I'm making my first python program that uses multiple threads. Basically you have the main program, in this program by use of various widgets you can define how many threads you want to run and the details of how these threads will run, then you can click on a menu item to start or stop all of these threads at once. When you start they all start and when you stop it's a little more complicated.

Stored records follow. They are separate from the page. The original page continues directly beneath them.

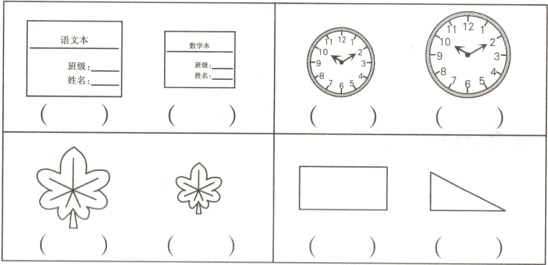 2. 比较图形的大小,在面积大的图形下面画“√”。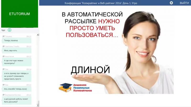 Компания периодически проводит онлайн-тренинги и семинары. Это позволяет представителям малого бизнеса достаточно быстро вникнуть в основы email-маркетинга.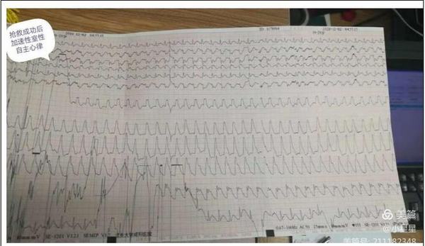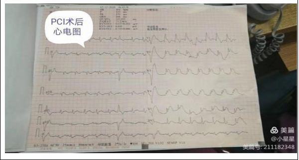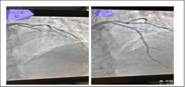 15分钟后,患者王先生在家属的陪同下来到了延安大学咸阳医院心血管病院11楼心六科,在吴医生问诊及查体时患者胸痛再次发作,并于4点20分突然出现四肢抽搐、呼之不应,触摸颈动脉搏动消失,呼吸呈叹息样,立即予以心肺复苏术,心电监测提示心室停搏,与此同时我科杨登魁责任总医师、我院心一科王银涛医师、心二科代雪茹医师、心三科王岩医师、留夜护士陈娜、心七科徐云鹏医师、留夜护士高谦闻讯赶来,并立即投入紧张的抢救过程中,经予持续胸外按压、多次电除颤等治疗后患者于4点40分意识逐渐恢复,心电监测示加速性室性自主心律,抢救成功,而早己就位的导管室同仁也做好了准备工作,并于6点40分成功开通了患者闭塞血管,术后患者生命体征平稳。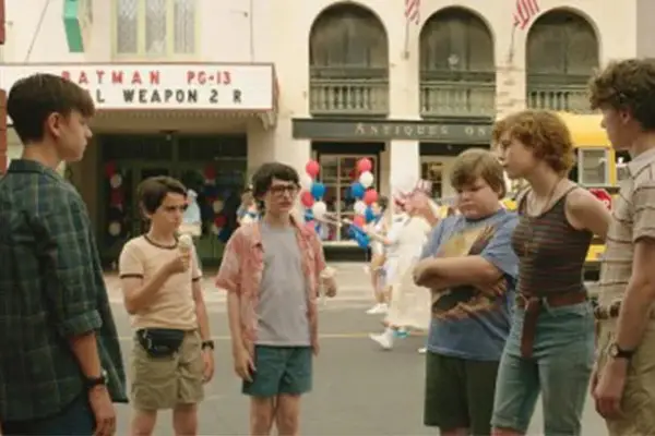 O grupo de perdedores em frente ao cinema no centro de Derry.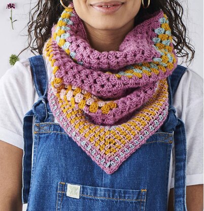 This impactful granny stitch cowl is made to look like a shawl. Brilliant for those who get annoyed with their scarf unravelling all the time! It makes a great stash-buster too.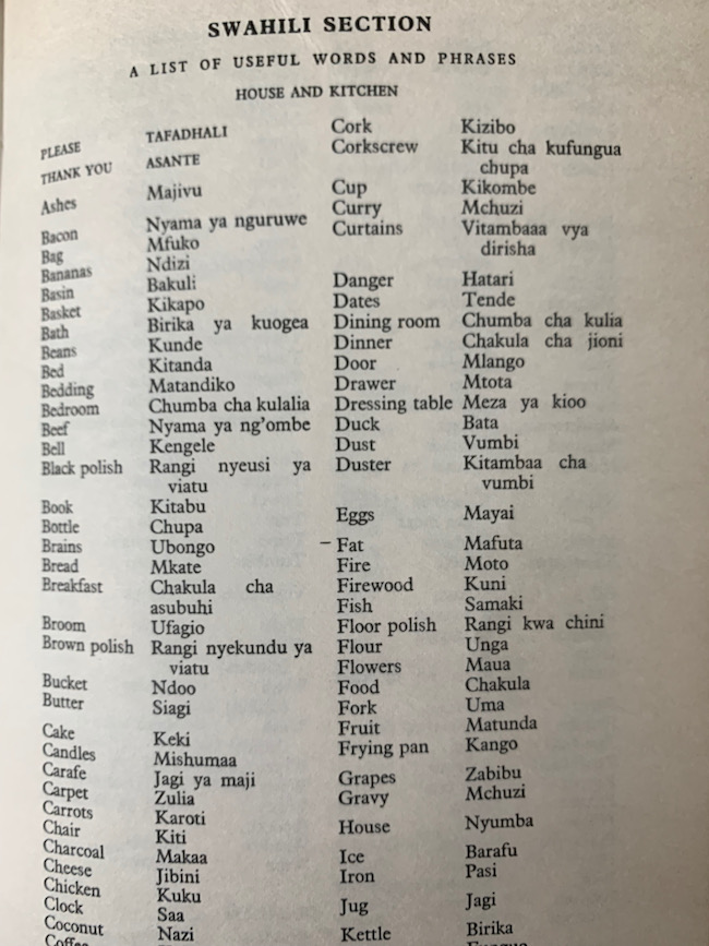 ThIs is the first cookbook I ever bought for myself. I still love it and can’t part with it. I bought it in Nairobi in 1973. It has some great recipes, but most of all, it has an entire culture full of differences, with a guide to organizing a large camping trip into the wild, foods for invalids, pages of instructions for servants on how to do laundry, clean, etc., and an entire section on asking for what you need in Swahili.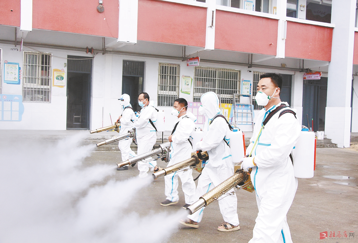 按照全市教育系统严格执行常态化疫情防 控工作要求,8月30日上午,驻马店市蛟龙救援队 志愿者使用背负式弥雾机等设备,严格按照技术 规范,对市区第二十一小学、第二小学校园内进 行地毯式防疫消杀,确保秋季平安开学。 记者 吴胜军 摄

In each of these threads I'm using os.system() to run a C program over and over until they are told to stop. Depending on the data you give to the C program it can take anywhere from a few seconds to a few hours to run. When the user chooses to stop the threads I want to give them two options, wait for the threads to finish the current execution of the C program, at which point they will check a flag to see if they should run the C program again or return, or to stop the execution of the C program and continue on. My problem is I'm not sure how I could stop the C program's process. Here is a small example of what I planned for the threads to look like, slightly simplified though

while True:
    os.system('name of program and command line arguments')#I want to be able to stop what ever this runs
    if self.control.stop:
        break

I give you a possible pattern (untested)

from subprocess import Popen
from threading import Condition
import os
import signal

self.user_condition = Condition()
...
self.user_condition.acquire()
try:
    while True:
        child = Popen("path/to/executable", *arguments)
        #http://docs.python.org/lib/node537.html
        self.user_condition.wait()
        if self.user_wants_to_exit_the_loop:
            if self.user_wants_to_stop_child:
                os.kill(child.pid, signal.SIGKILL)
                # http://docs.python.org/lib/os-process.html#l2h-2764
            elif self.user_wants_to_wait_for_child:
                child.wait() 
                #http://docs.python.org/lib/node532.html
            break
finally:
    self.user_condition.release()

you should also catch some exceptions. For example, os.kill may raise OSErrorr :)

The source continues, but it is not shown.